The length of a schedule is the number of steps in the schedule. An example schedule with 3 processes. Fact: Scheduling Invariant. Scheduling Lower Bounds Theorem: Lower bounds. Offline Scheduling Having established a lower bound, we now move on to establish an upper bound for the offline scheduling problem , where we are given a dag and wish to find an execution schedule that minimizes the run time. Theorem:[Offline level-by-level schedule].

### If You're a Student

Theorem: Offline Greedy Schedule. Online Scheduling In offline scheduling, we are given a dag and are interested in finding a schedule with minimal length. Typical Online Scheduling Algorithm. Exercise: Scheduling Invariant.
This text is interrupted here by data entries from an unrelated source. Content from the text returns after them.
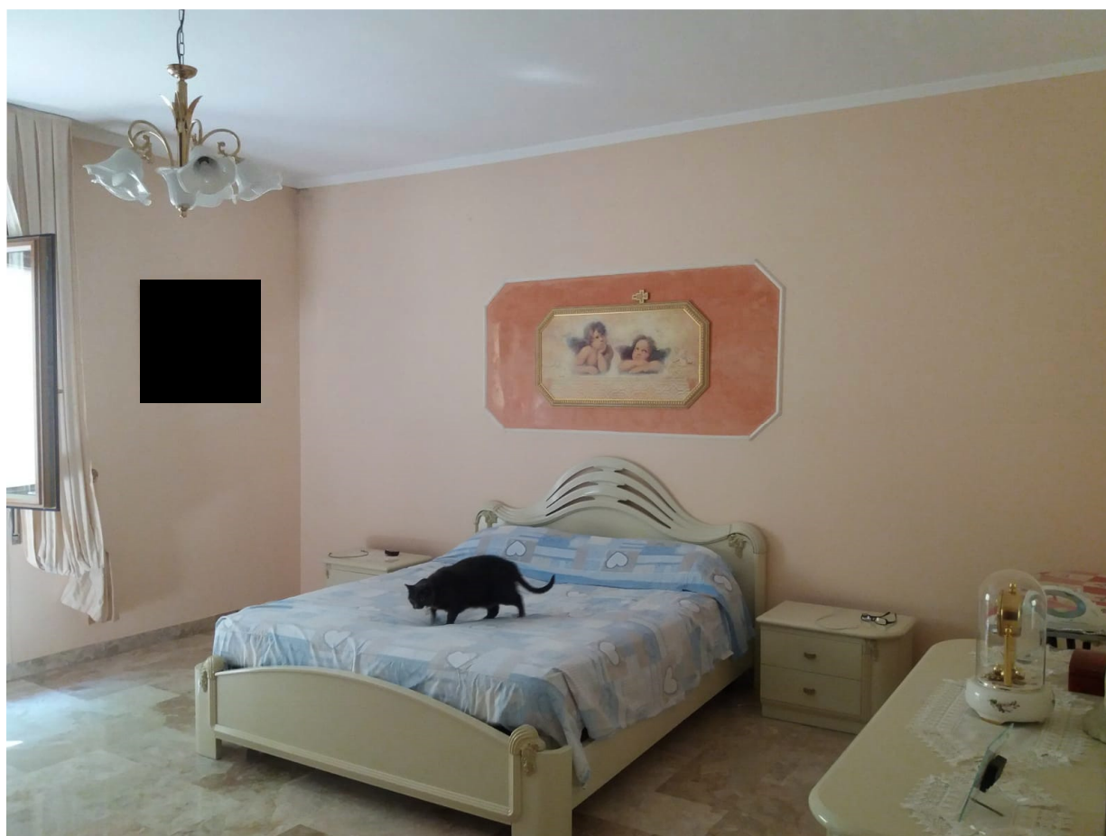
FOTO N. 4 CAMERA DA LETTO MATRIMONIALE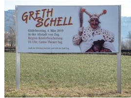
F12-Kulturplakate an Stadteingängen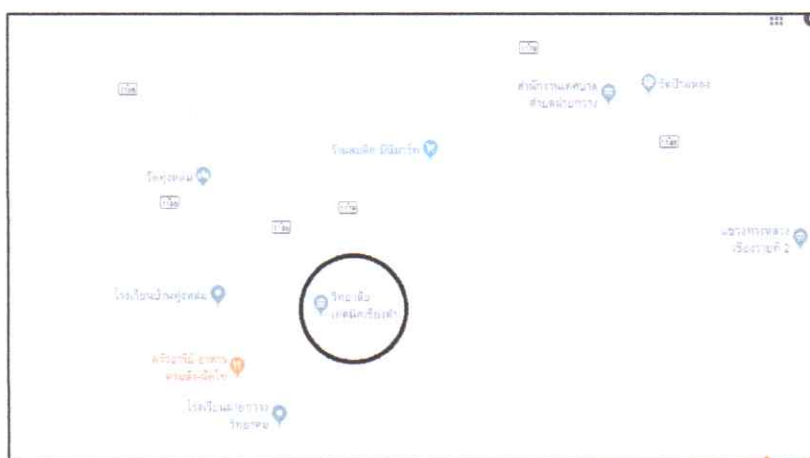
ภาพแสดงแผนที่ตั้งวิทยาลัยเทคนิคเชิงคำ

เนื้อที่ของสถานศึกษา 62 ไร่ 2 งาน 7 ตารางวา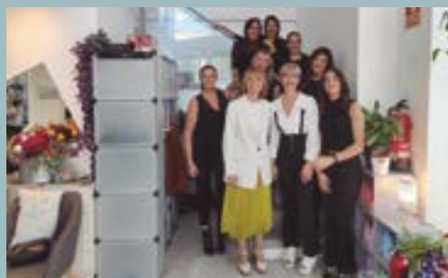
Arienes Perruqueries (C/ Girona, 21)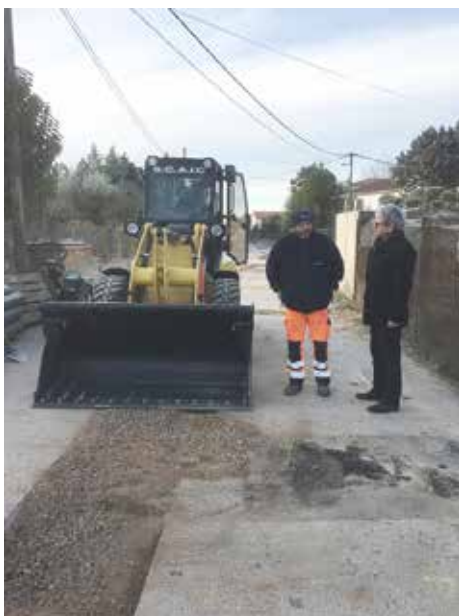
Assainissement chemin des Gayettes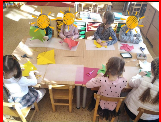
Gražiais darbais mes mylime Lietuvą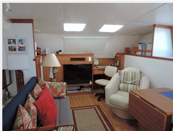
Salon w/NEW LG Flat Screen TV (2014)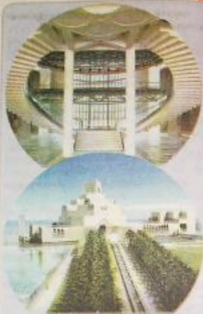
தேவசைத் தெனாப் "கோனா" சிறுக்கலாயணம்!

"ஹ பாங்க்... சரியான தேரத்துக்குத்தான் வந்திருக்க" என்று அவனுக்கும் கைதிரா பாக்கையும் காபியையும் கமலம்மா கொடுக்க,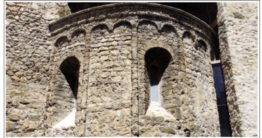
SANTA MARIA D'ORGANYÀ. Absis.

Com moltes de les esglésies del nostre país ha sofert molts canvis al llarg dels seus mil anys d'existència. Avui és una església de tres naus encara que la nau lateral nord és el resultat d'unir les capelles laterals que hi havia. L'absis és del segle XII i decorat amb un fris llombard d'arcuacions cegues i lesenes, sota un fris de dents de serra. La façana de ponent és del segle XIII. S'hi obre un portal format per tres arcs apuntats en gradació, ressaltats per tres arquivoltes que descansen sobre una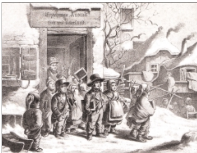
3. Oskar Pletsch: Nevelőintézet, 1858

arckifejzésű fiúk) és kész „gazdasszonyok” (köténybe és kendőbe öltöztetett lányok) lépnek ki, akiknek nevelése-képzése már befejeződött. Semmi gyermekies vonás nincs ezeken az alakokon. Felnőttek ők, akik készen állnak az élet megpróbáltatásaira: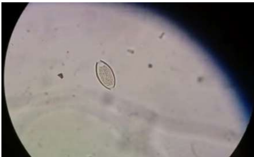
Figura 12. Huevo de Trichuris trichiura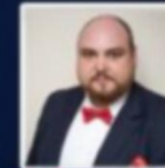
M. Marcin Wrobel Agence Polonaise pour l'Investissement et le Commerce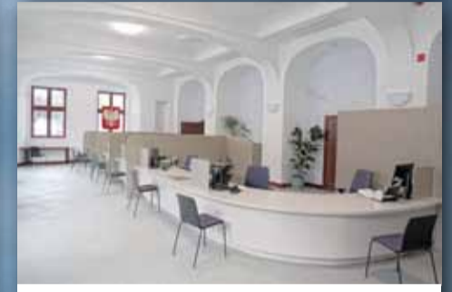
BIURO OBSŁUGI KLIENTA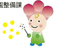
花新聞キャラクター ピッピちゃん

北九州市建設局 公園緑地部みどり・公園整備課 〒803-8501 小倉北区内1-1 TEL 093(582)2460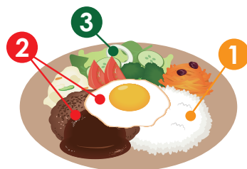
ワンプレートの場合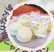
あんなか梅マカロン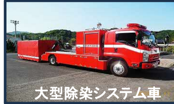
大型除染システム車

Convince yourself that the scheduling invariant holds in online scheduling.

## TK8112 - The Theory of Concurrency in Real-Time Systems

Parallelism versus concurrency Structured multithreading offers important benefits both in terms of efficiency and expressiveness.

## My Book "Concurrency with Modern C++" is 50% complete - hiqukycona.tk

From the past terms such as "sequential programming" and "parallel programming" are still with us, and we should try to get rid of them, for they are a great source of confusion. They date from the period that it was the purpose of our programs to instruct our machines, now it is the purpose of the machines to execute our programs. Whether the machine does so sequentially, one thing at a time, or with considerable amount of concurrency, is a matter of implementation, and should not be regarded as a property of the programming language.

Chapter: Fork-join parallelism Fork-join parallelism, a fundamental model in parallel computing, dates back to and has since been widely used in parallel computing. Parallel Fibonacci Now, we have all the tools we need to describe our first parallel code: the recursive Fibonacci function. Incrementing an array, in parallel Suppose that we wish to map an array to another by incrementing each element by one.

The sequential elision In the Fibonacci example, we started with a sequential algorithm and derived a parallel algorithm by annotating independent functions. Executing fork-join algorithms We defined fork-join programs as a subclass case of multithreaded programs. Figure 3. Example 7. Centralized scheduler illustrated: the state of the queue and the dag after step 4. Completed vertices are drawn in grey shaded.

Example 8. Distributed scheduler illustrated: the state of the queue and the dag after step 4. Chapter: Structured Parallelism with Async-Finish The "async-finish" approach offers another mechanism for structured parallelism.